Chiltern Radio Network (also known as Chiltern Radio Group) was the parent group of several independent local radio stations in the 1980s and 1990s. These were divided across two networks: The Hot FM and SuperGold.

History
Chiltern Radio launched 15 October 1981 from studios located on Chiltern Road in Dunstable, Bedfordshire. On 1 June 1982, Chiltern expanded into Bedford with studios on Goldington Road. This was joined 30 November 1986 with Northants Radio from Northampton, and 15 October 1989 with Horizon Radio from Milton Keynes. The Hot FM network transmitted on the FM services of 97.6 Chiltern FM, 96.9 Chiltern FM, Northants 96, Horizon Radio, followed later by Oasis Radio, Severn Sound, and Galaxy Radio.
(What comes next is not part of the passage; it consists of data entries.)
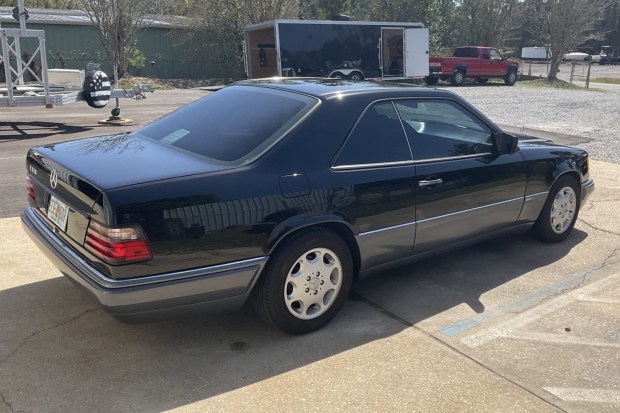 This 1994 Mercedes-Benz E320 coupe was optioned with the Sportine Package and was purchased in 2015 by the seller, who has since added ~30k of its 110k miles shown. Powered by a 3.2-liter inline-six paired with a four-speed automatic transmission, it is finished in black over black leather upholstery. Equipment includes a sliding steel sunroof, 15″ Alamak alloy wheels, a Sportline suspension, power-adjustable front seats, a sport steering wheel, power windows, automatic climate control, and a cassette stereo. This E320 is offered at no reserve with a clean Carfax report and a clean Florida title in the seller’s name.
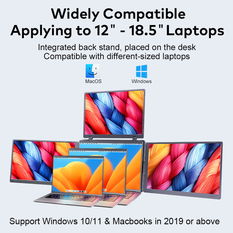 Extenseur d'écran d'ordinateur portable, triple moniteur 16 pouces, moniteur portable FHD IPS, 1 câble pour 3 écrans via USB C pour Windows et MacOS
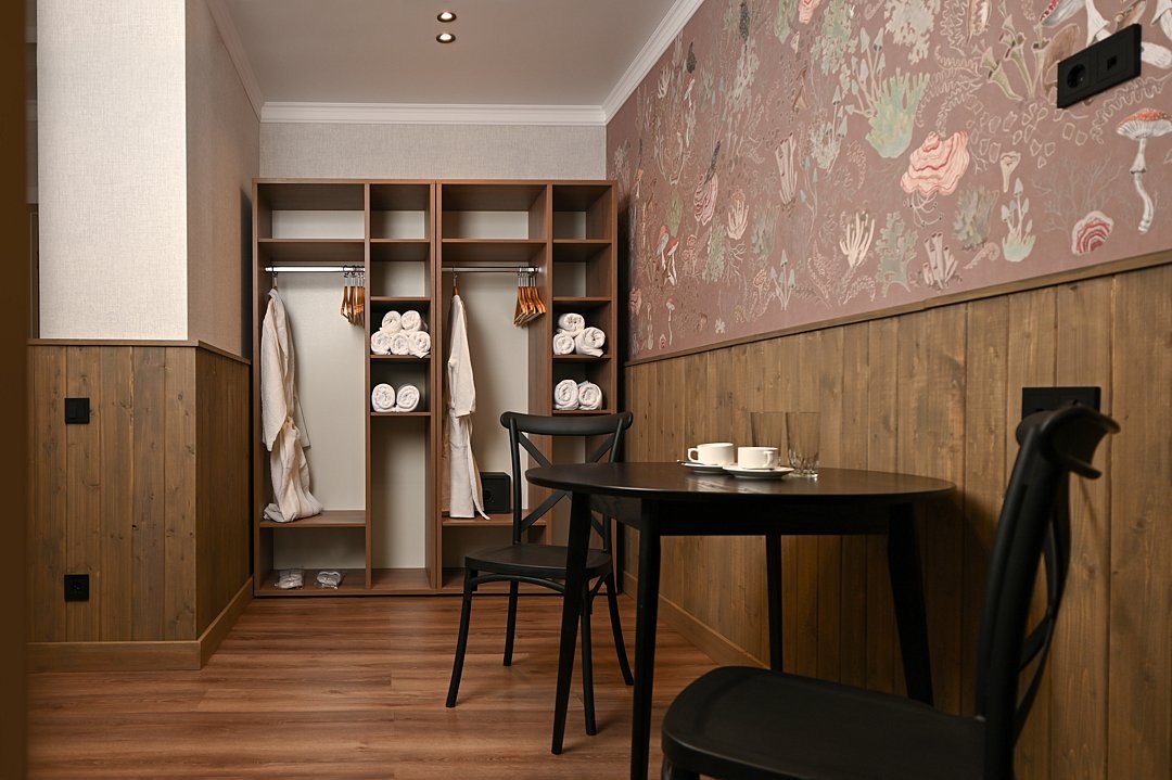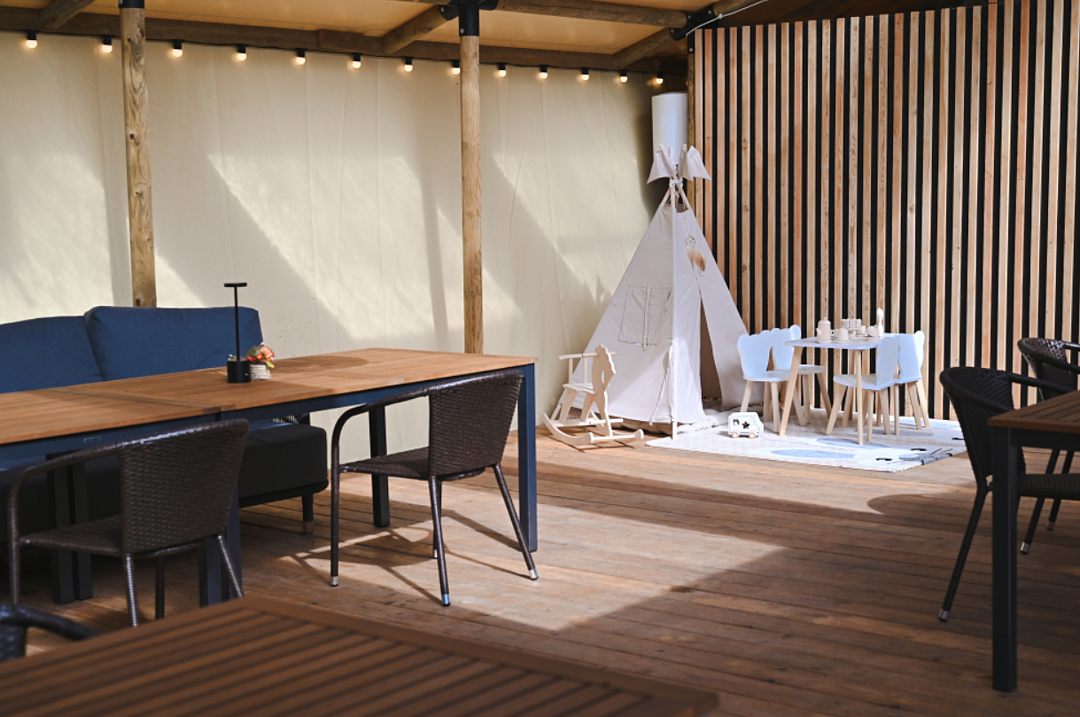 Идеальное пространство, чтобы гости могли отведать горячие блюда в уютной атмосфере на территории санатория.
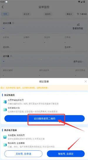 3、按需选择绑定方式,协议快递员可扫码,网点电子面单则选有账号绑定。
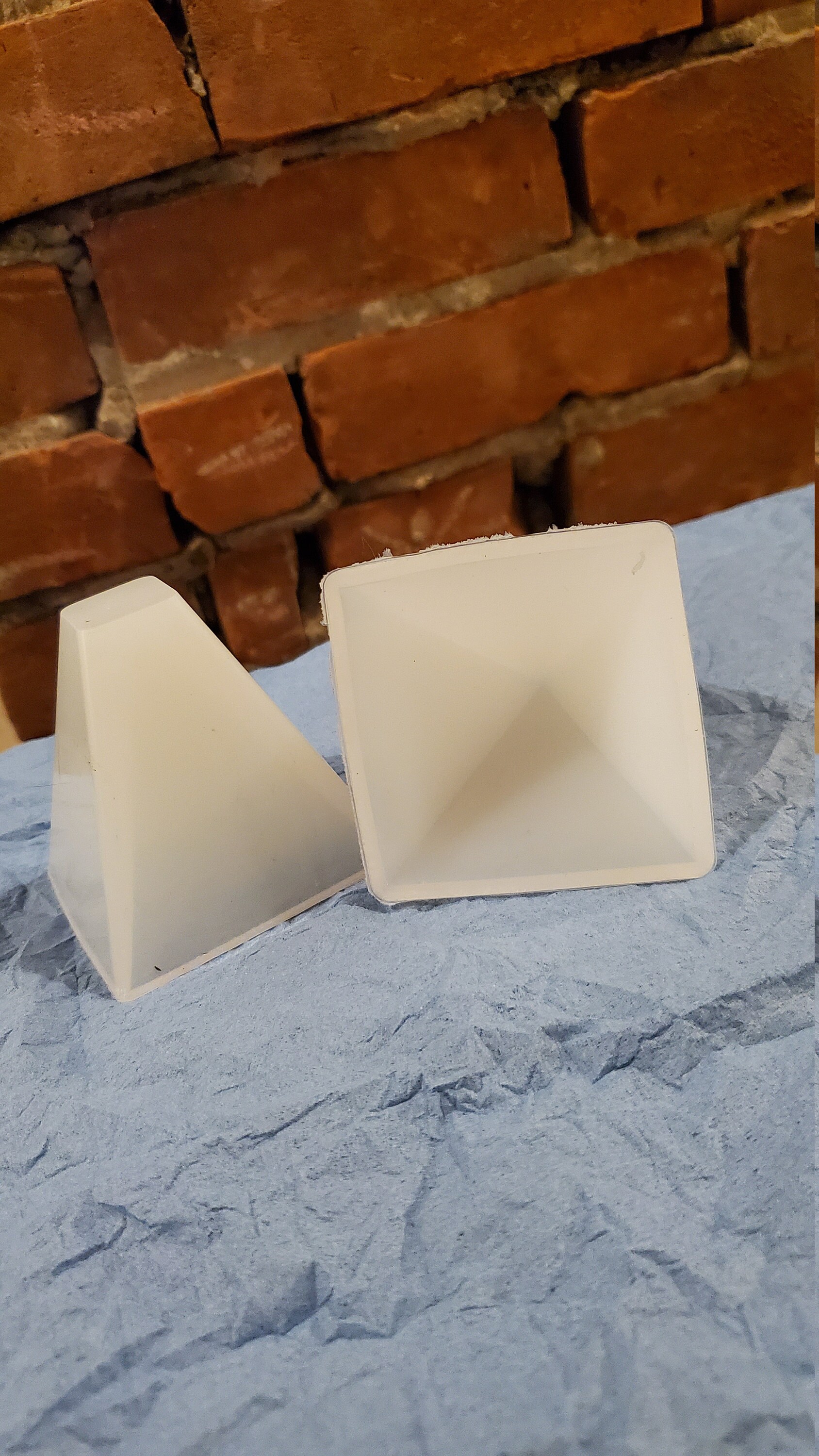 2.5" PYRAMID is a just what it sounds like- it's a perfect pyramid mold that is about 2.5" in all directions. The mold is made to be able to stand up on the tip for filling, but it does have a pointy tip inside like a traditional pyramid, not a flat tip. You can use this mold for soap, wax, resin, lotion bars or soap jellies & more!

For a while Galaxy Radio and Horizon Radio operated a slightly more edgy "Hotter Mix" format, although switched back again to the "Hot FM" for networked programming. Supergold transmitted on the AM services of Chiltern Radio, Northants Radio, followed later by Severn Sound and Invicta Radio.

Stations would broadcast from their own studios until 7pm, then share programmes from Dunstable overnight.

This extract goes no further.